Traditionally, immunological responses have been studied in-vitro whereby immune cells are subject to certain stimuli following which alterations in RNA and/or protein expression are measured. Recently, we have challenged this model by showing that mast cells (cells specialised in allergic reactions) triggered repeatedly through their Ig Fc epsilon receptor undergo a reprogramming of their responses (Suurmond et al. JACI, 2016). The differential expression of genes upon a single trigger were dampened and de-novo transcribed genes were observed. The latter belonged to the antigen presentation and pathogen defence response pathways implying a dramatic change in the cellular response mode. We have now extended this work by challenging mast cells with plate-bound IgG in a repeated mode, a model relevant for arthritic diseases where mast cells and IgG immune complexes are likely to interact.Materials and methods
Human cord blood-derived mast cells were treated for 2 weeks with plate-bound IgG. The expression profile of naive or treated mast cells was measured through RNA sequencing, quantitative RT-PCR, flow cytometry.
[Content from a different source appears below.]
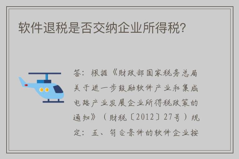 答:根据《财政部国家税务总局关于进一步鼓励软件产业和集成电路产业发展企业所得税政策的通知》(财税〔2012〕27号)规定:五、符合条件的软件企业按照《财政部国家税务总局关于软…

Protein secretion was measured with ELISA and Luminex assays. Metabolic changes were measured using HPLC mass-spectrometry.Results
Similar to our previous work on Fc Epsilon receptor, we observe a dampening of the normal IgG responses with a set of novel genes upregulated. Interestingly, de-novo expressed genes consisted of DHCR7 and DHCR24, key enzymes in the cholesterol pathway. Pathway analysis confirms an enrichment of genes in this pathway following repeated IgG triggering. Preliminary data on metabolic profiling reveals a decrease in phospholipid levels in repeatedly activated mast cells.Conclusions
Our study provides evidence that mast cells are also reprogrammed upon repeated IgG triggering. In contrast to repeated Fc Epsilon Receptor triggering, different pathways are affected, implying stimulus-specific effects. Our work has important implications for revisiting the traditional immunological models in the (in-vitro) modelling of chronic (arthritic) diseases.